All of these implementations have similar characteristics and virtually none
are inter-operable.

Even worse, the model produced by a clustering system is really just like a
model produced by a classifier so we should increase the number of sources
of incompatible classifiers even more.  Altogether, we probably have a dozen
ways of building classifiers.

I would like to start a discussion about a framework that we can fit all of
these approaches together in much the same way that the recommendations
stuff has such nice pluggable properties.

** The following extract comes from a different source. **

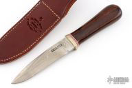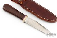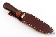 This Gambler by Randall Made Knives features a satin finished blade with .209" blade stock and 1.059" blade depth, hidden tang construction. Sharpened top edge. Notched thumbrest. Walnut wood grip with brass guard and red/white/blue spacers. The Gambler is one of Randall's non-catalog knives. Comes with a waxed brown leather sheath. Has a couple light scratches and patina, otherwise excellent condition.
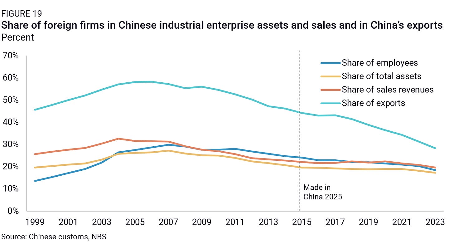 MIC25 在这一趋势中的作用尚不完全确定。一方面,保护主义和歧视性措施的兴起——MIC25战略的核心——可能阻止了一些公司在中国投资。尽管商业环境日益严峻,但中国不断增长的成熟市场、庞大的人才基础以及不断增长的本地参与者的竞争力,无疑也是推动外国公司实现生产和研究本地化的关键因素。

As I see it, the opportunities for commonality (aka our current
deficiencies)  include:

- original input format reading

-- the naive Bayes code uses an ad hoc format similar to what Jason Rennie
used for 20 news groups.  This code uses Lucene 3.0 style analyzers.

-- Zhao uses something a lot like SVMLight input format

-- The SGD code looks at CSV data

-- Drew wrote some Avro document code

-- Lucene has been used as a sort of vectors for clustering

My summary here is that the Lucene analyzers look like they could be used
very effectively for our purposes.  We would need to write AttributeFilter's
that do two kinds of vectorization (random project and dictionary based).
We also should have 4 standard input format parsers as examples (CSV,
SVMLight, VowpalWabbit, current naive Bayes format).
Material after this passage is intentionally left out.